Dzień dwunasty
Sandomierz - Wrzawy - Zaklików - Janów Lubelski. (21.07.2006)
(t= 4.06 h śr.= 14.2 km/h dyst.= 59 km)
Robię z mostu ostatnie zdjęcie panoramy Sandomierza i ruszam w drogę. Etap jest płaski. Raczej wypoczynkowy. Przeprawiam się promem przez Wisłę we Wrzawach. Na polach jest dużo fasoli zwanej "piękny Jaś". Z niej robi fasolkę bo bretońsku. Skręcam w stronę kościoła w Zaklikowie, który jest cały obłożony tablicami nagrobnymi. Niedaleko znajduje się plaża nad jeziorem. Obmyłem sobie tylko nogi i jadę dalej.

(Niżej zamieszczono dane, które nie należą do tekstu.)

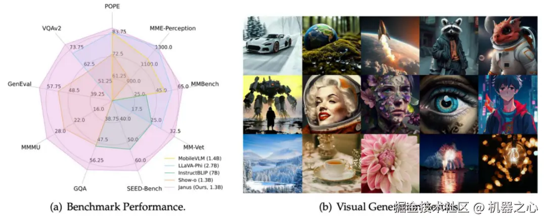 Janus 是一个基于自回归的统一多模态理解与生成框架,具有简单性、高效性和高度灵活性。通过解耦视觉编码,我们突破了当前多模态统一模型中的性能瓶颈,拉进了大一统模型和专用模型在专项任务上的性能差距,解锁了多模态统一模型的新范式。

Z kolei dojeżdżam do Janowa Lubelskiego. To jest jedyne miejsce gdzie nie mam wcześniej zarezerwowanego noclegu. Dotychczas robiłem tak, że w internecie wyszukałem adresy i wziąłem je ze sobą. Później dzień przed przyjazdem dzwoniłem by spytać się o nocleg. Tutaj nikt nie odbierał. Okazało się, że proboszcz wyjechał na urlop. Stoję więc pod kościołem i czekam na koniec Mszy św. To jest wypróbowany sposób z poprzednich wypraw gdzie nie miałem zarezerwowanych żadnych noclegów. Zaczepiam przechodzącego księdza wikariusza i po chwili wahania mam już nocleg.
W Janowie Lubelskim znajduje się sanktuarium maryjne i właśnie przy nim jestem rozlokowany. Otrzymuję kolację i umawiam się z wikariuszami na wieczorne wyjście na Drugą edycję Festiwalu Artystów Filmu i Telewizji FART 2006. Dzisiaj będzie puszczany polski film „Jasminus". Wcześniej występował kabaret „Pod Wydrwigroszem". Wieczór był bardzo miły. Temperatura sięgała 31 °C. W dzień było znacznie cieplej.